Г-жа Ганди прибывает в Вашингтон

Одновременно с этим мы предприняли все усилия, чтобы прийти к пониманию с Индией. В своих беседах с послом Джха я повторял свою постоянную тему. Мы рассматривали индийские и американские долгосрочные интересы как совпадающие. Мы сделаем все от нас зависящее, чтобы превратить визит г-жи Ганди в поворотный пункт в наших отношениях. 25 августа, 11 сентября и 8 октября я подчеркивал, что Соединенные Штаты не настаивают на том, чтобы Восточная Бенгалия оставалась частью Пакистана. Напротив, мы приняли автономию как неизбежность, а независимость как возможность. Война бессмысленная; Бангладеш начнет свое существование к весне 1972 года, если будет дан шанс нынешним процессам. Мы меняем свои методы, но не цели.
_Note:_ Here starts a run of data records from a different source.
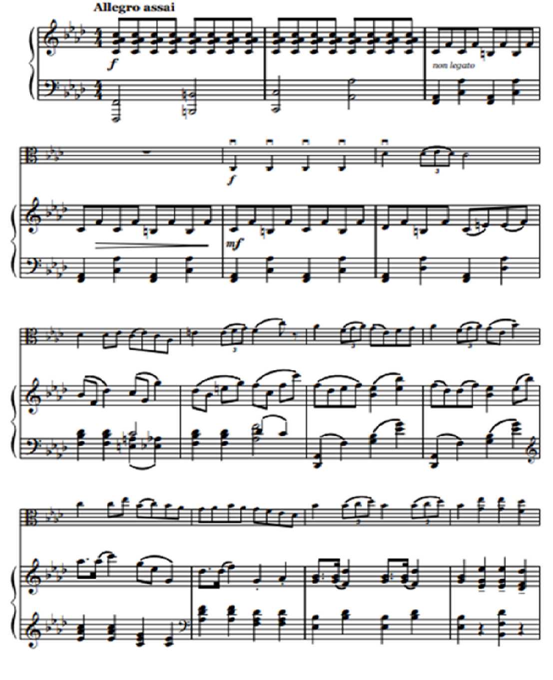 Финал Сонаты (Allegro assai) – летящий и порывистый. Теме альта (f-moll) предшествует короткое фортепианное вступление, состоящее из активных гармонических аккордов и восходящих октавных басов, очерчивающих диапазон от «фа» большой октавы и «ля бемоля» в малой – разложенной децимы, образованной чередованием малых терций и секст (пример 12). На этом фоне ярко и настойчиво проявляются варьированные повторы, широкие интервальные ходы и остинатные ритмы, создающие динамичную и масштабную картину всего действия.
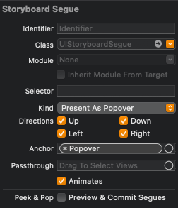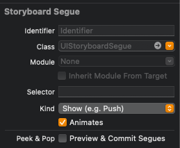 Segue의 Attribute에는 다양한 옵션이 제공된다.
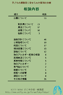 相談の内容で最も多かったものが、お薬についての 53件です。中でも副作用についての相談が23件ありました。次が治療方針についての46件。この中には「このままでよいのでしょうか」といった、いわば”つぶやき型”の質問も多く含まれています。そして次に日常生活の管理についてが19件と続いています。
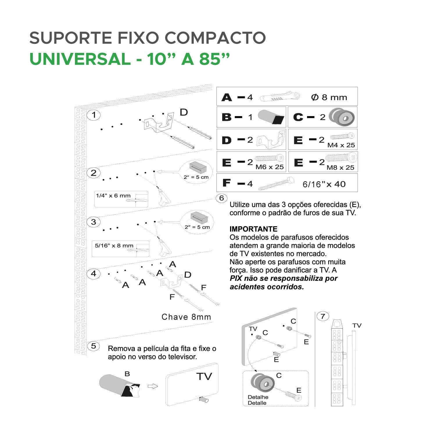 SUPORTE TV FIXO UNIVERSAL 10 A 85 - COMPACTO

Если г-жа Ганди готова к основательному улучшению наших отношений, она увидит в нас доброжелательного партнера. Если она использует свой визит в качестве прикрытия для индийского военного удара, наши отношения не восстановятся в скором времени. Государственный департамент получил указание следовать аналогичной линии. 7 октября я сказал на встрече вашингтонской группы специальных действий, что, если Индия примет эволюционный процесс развития событий, она достигнет большинства своих целей с нашей помощью. «Если они станут сотрудничать с нами, мы смогли бы работать с ними по 90 процентам их проблем, вроде освобождения Муджиба или получения какой-то степени автономии для Бангладеш, и эти шаги в итоге привели бы к тому, что они получили бы все».
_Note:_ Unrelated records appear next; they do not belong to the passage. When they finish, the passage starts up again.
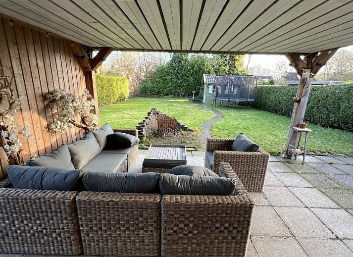 A l'arrière de la maison de vacances se trouve un bel auvent avec un coin salon et salle à manger.
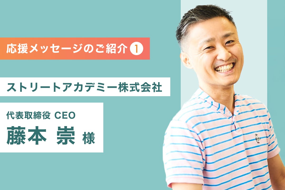 本日は昨年私が参加しておりましたビジネスコンテスト TOKYO STARTUP GATEWAY 2022にて大変お世話になりました、ストリートアカデミー株式会社 代表取締役 CEO の藤本 崇様より応援のメッセージをいただきましたのでご紹介いたします!
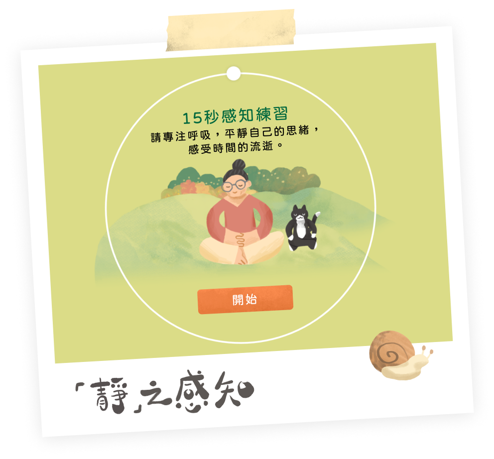 - 先進行15秒感知練習,請專注呼吸,平靜自己的思緒,感受時間的流逝。

В отличие от наших внутренних критиков Джха отлично понимал, что мы не были настроены против Индии; он рассчитывал на это с тем, чтобы ограничить нашу реакцию на все то, что со всей очевидностью планирует сделать Индия. Индия продолжала использовать в своих интересах невыносимое бремя беженцев, число которых, по некоторым оценкам, составляло от 7 до 8 млн человек. И все же Индия не содействовала их возвращению после объявленной Яхья Ханом амнистии, не хотела сотрудничать в сдерживании этого потока или позволить размещение сотрудников ООН в лагерях с целью информирования беженцев об амнистии. Она не брала на себя ответственность за ту долю хаоса, которую вносили бенгальские партизаны. Хотя их набирали на индийской территории, готовили индийские офицеры, вооружали индийским оружием и поддерживали индийской артиллерией с индийской стороны границы, Индия утверждала, что они не находятся под ее контролем. Дели даже отказался обещать, что партизаны не будут вмешиваться в поставки по программе помощи беженцам. Угрозы войной становились все очевиднее. Джха сказал мне 8 октября, что Индия начнет действовать к концу года, если ее условия не будут приняты. Аналогичные заявления были сделаны американским дипломатам в Дели министром иностранных дел. Индия намеренно установила такой короткий окончательный срок, что он обязательно привел бы к развалу конституционной структуры Пакистана.

 

Советский Союз играл крайне поджигательскую роль. Заявляя постоянно о своей приверженности миру, он определял условия, которые ничем не отличались от условий, выдвигаемых Дели, и в силу этого являлся поддержкой для Индии, что гарантировало столкновение. Подтверждая постоянно о своей новоприобретенной преданности делу разрядки, он использовал начальные проявления улучшения отношений с нами не для того, чтобы не допустить взрыва, а отвести всяческие последствия от себя. Москва во всех отношениях действовала как пироманьяк, который хочет пожинать лавры за то, что вызвал пожарных из пожарного депо на пожар, который он сам и учинил.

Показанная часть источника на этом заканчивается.